Mais, plus encore que ce sentiment de « saleté », c’est surtout l’indifférence qui semble régner face à cette végétation spontanée. Sophie Maerckx cite une étude menée entre 2009 et 2011 par l’association française Plante & Cité, intitulée Acceptaflore, sur l’acceptation de la végétation spontanée en ville: «La conclusion de l’étude, c’est qu’avant même de susciter un sentiment de peur ou de rejet, la végétation spontanée est surtout un impensé. On demandait aux gens « que voyez-vous là? », et certains répondaient « rien ». Ça n’existe pas.» Dans la conclusion du rapport d’Acceptaflore figure effectivement cette constatation: «Les participants à l’étude ont ainsi pu prendre conscience, parfois avec étonnement, que ce qui constitue un objet d’étude pour eux ne représente « rien », même pas des plantes, pour une partie des répondants. Seuls les végétaux horticoles plantés par l’homme sont perçus comme appartenant à des plantes.»
Puisque ce qui n’est pas connu, pas nommé, n’existe pas, de multiples initiatives ont vu le jour pour mettre des mots sur ces plantes.

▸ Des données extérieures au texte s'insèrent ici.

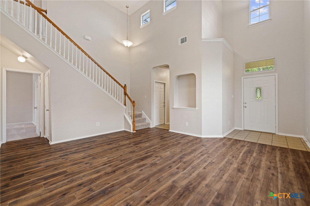 FRESHLY UPDATED HOME WITH NEW ROOF AND HVAC Come see this updated MOVE-IN READY 4 bedroom, 2.5 bath home in White Rock Estates featuring a long list of NEW UPDATES including NEW INSIDE PAINT, NEW WOOD LAMINATE FLOORING, NEW CARPET, NEW STAINLESS STEEL APPLIANCES, NEW OUTSIDE PAINT, a NEW ARCHITECTURAL IMPACT-RESISTANT ROOF, and a NEW CENTRAL HEAT & AIR SYSTEM. The spacious layout offers an open kitchen with granite countertops, a breakfast area, pantry, and plenty of room to entertain. The PRIMARY BEDROOM AND BATHROOM ARE LOCATED DOWNSTAIRS and feature a GARDEN TUB, SEPARATE SHOWER, DOUBLE VANITY, and WALK-IN CLOSET. All secondary bedrooms are upstairs, along with an additional full bath. Enjoy the privacy of a fully fenced backyard and a covered patio ready for your outdoor enjoyment. Located just HALF A MILE FROM LIBERTY HILL MIDDLE SCHOOL, 1 MILE FROM TIMBER RIDGE ELEMENTARY SCHOOL, and 1 MILE FROM CEDAR VALLEY ELEMENTARY SCHOOL.

Boris Presseq, botaniste au Museum de Toulouse, inscrit leur nom depuis plusieurs années à la craie sur les trottoirs, pour attirer l’attention sur leur présence, mais aussi sur leur beauté. Dans le même esprit, Jean-François Gheysens, autre «tagueur de plantes», inaugurait Belles de ma rue, en 2017, «le premier observatoire des plantes sauvages officiel de la Région de Bruxelles», lié au Service du développement durable de la commune de Saint-Gilles. A Caen, en Normandie, l’opération «Au pied du mur» met à disposition des citoyens des pochoirs avec le nom des plantes sauvages pour réaliser collectivement un herbier éphémère et propose également aux habitants d’apposer un logo sur leur façade ou leur mur pour signaler que le service d’entretien ne doit plus le désherber. Dans les 19 communes de la Région bruxelloise, le Centre d’écologie urbaine en collaboration avec Bruxelles Environnement et Natagora propose régulièrement des balades botaniques urbaines. Sur le site de Bruxelles Environnement, un carnet «Fleurs de trottoirs» reprend une vingtaine de plantes parmi les plus répandues, en mentionnant pour chacune son intérêt pour la faune mais aussi pour l’être humain. Exemples: l’achillée millefeuille fournit du nectar aux insectes pollinisateurs, est comestible et est aussi connue pour son pouvoir cicatrisant; la grande bardane nourrit les chenilles du papillon Vanesse du Chardon (ou Belle-Dame) mais est aussi un légume «oublié» dont on peut consommer la racine, cuite, au goût proche de l’artichaut. «Ces balades permettent de mieux connaître ces plantes et l’importance du rôle qu’elles peuvent jouer en ville, développe Nina Vankerckhove, qui a l’habitude de les guider. Et mieux on connaît, plus on a envie de protéger. C’est une autre façon de voir la ville et de l’appréhender. Parce que la ville, ce n’est pas que du béton et des briques, c’est aussi beaucoup de vivant. C’est un écosystème à part entière.»
Simon De Muynck va plus loin: «Nombre de ces plantes sont comestibles et médicinales, mais il est probable qu’une bonne partie d’entre elles est polluée aux éléments-traces métalliques, plomb, cadmium, etc. Si, lors d’une balade une discussion s’engage à leur propos –peut-on les manger ou pas?, si pas, pourquoi?; d’où vient cette pollution?– on développera un sens critique, comprendra mieux la ville et trouvera, peut-être, comment améliorer la situation. C’est en partie politiser les plantes et c’est positif.»